* Exercise instructions: Apart from the pictures, return every line of the listing exactly.

* Recorded information:
- - - - -
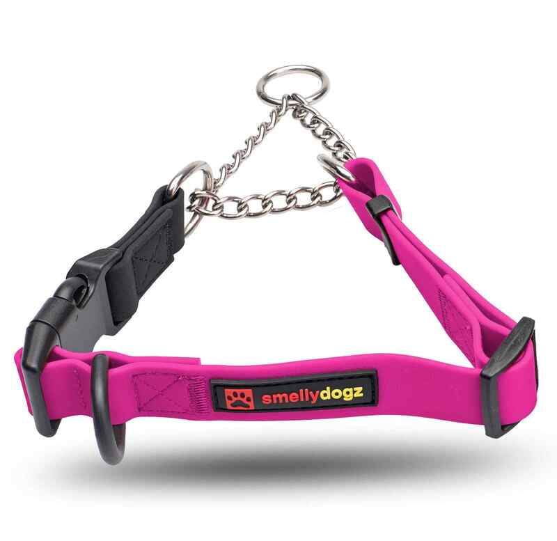 The martingale collar is a gentle yet effective training collar with a limited tightening effect. Our martingale collar is very versatile and can adjust to give your dog the perfect fit. The proprietary D-ring is coated to protect the metal finish, as well as reduce that metal-on-metal sound.
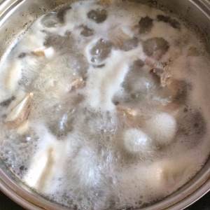 水滚后撇掉脏末 加勺水再煮开一遍 捞出排骨将其沥干
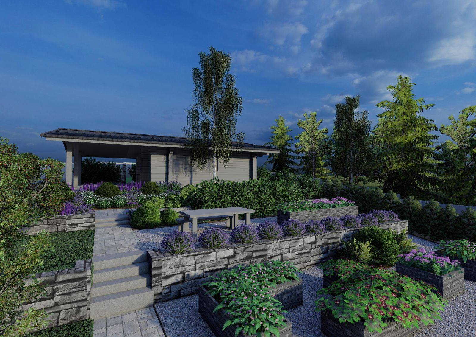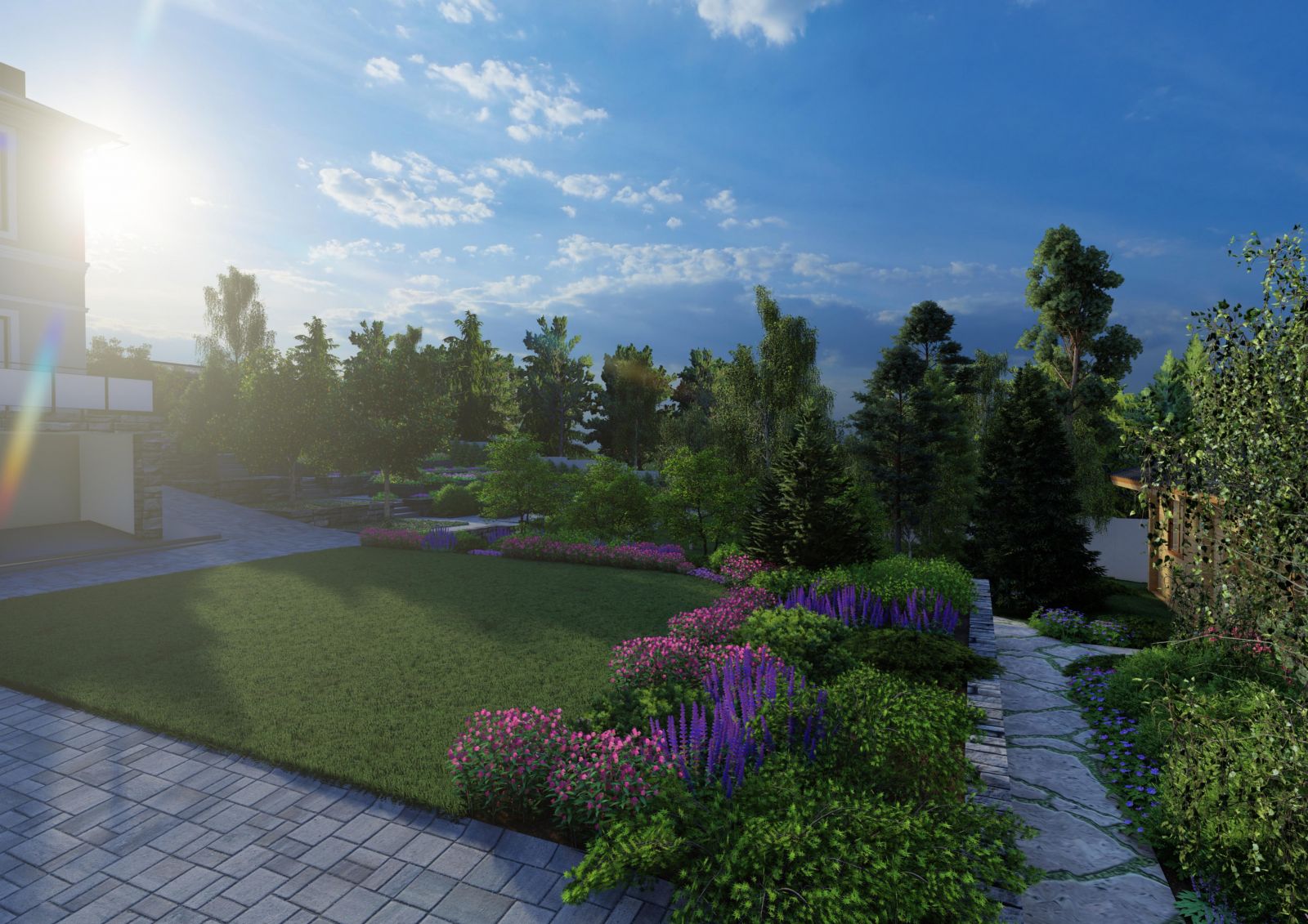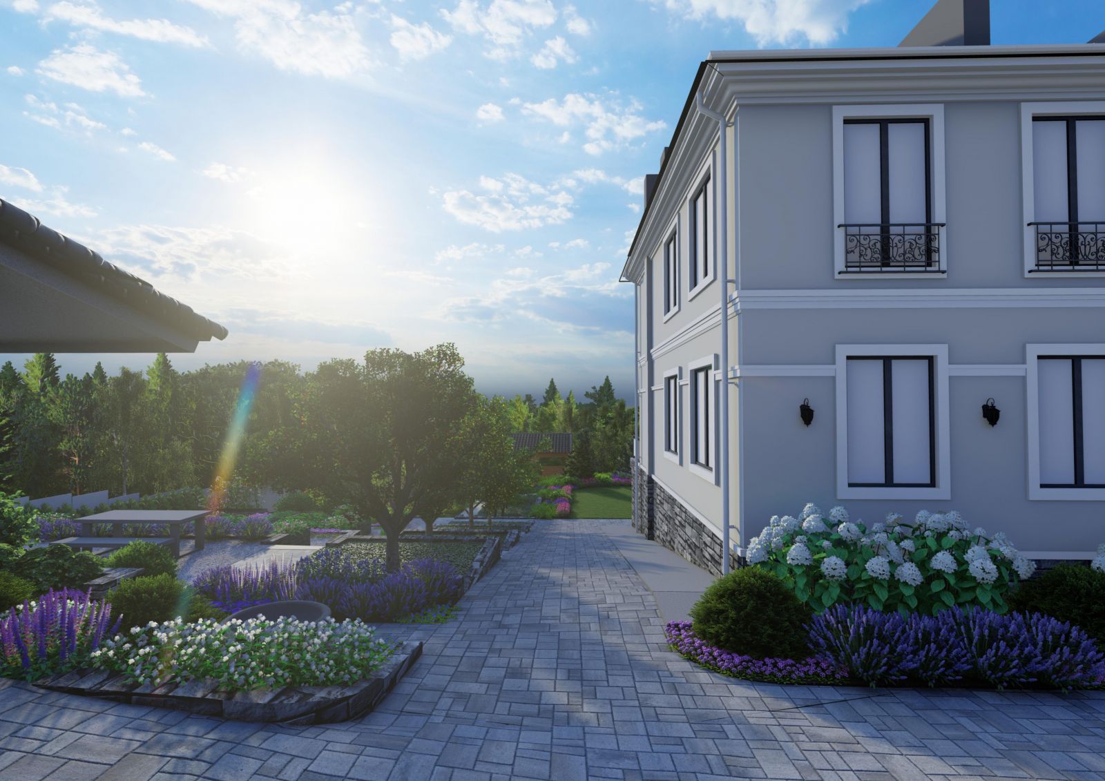 ✅ Полный цикл работ: от мастер‑плана и 3D‑визуализации до реализации, автополива и освещения
- - - - -
* Exercise result:
 The martingale collar is a gentle yet effective training collar with a limited tightening effect. Our martingale collar is very versatile and can adjust to give your dog the perfect fit. The proprietary D-ring is coated to protect the metal finish, as well as reduce that metal-on-metal sound.
 水滚后撇掉脏末 加勺水再煮开一遍 捞出排骨将其沥干
 ✅ Полный цикл работ: от мастер‑плана и 3D‑визуализации до реализации, автополива и освещения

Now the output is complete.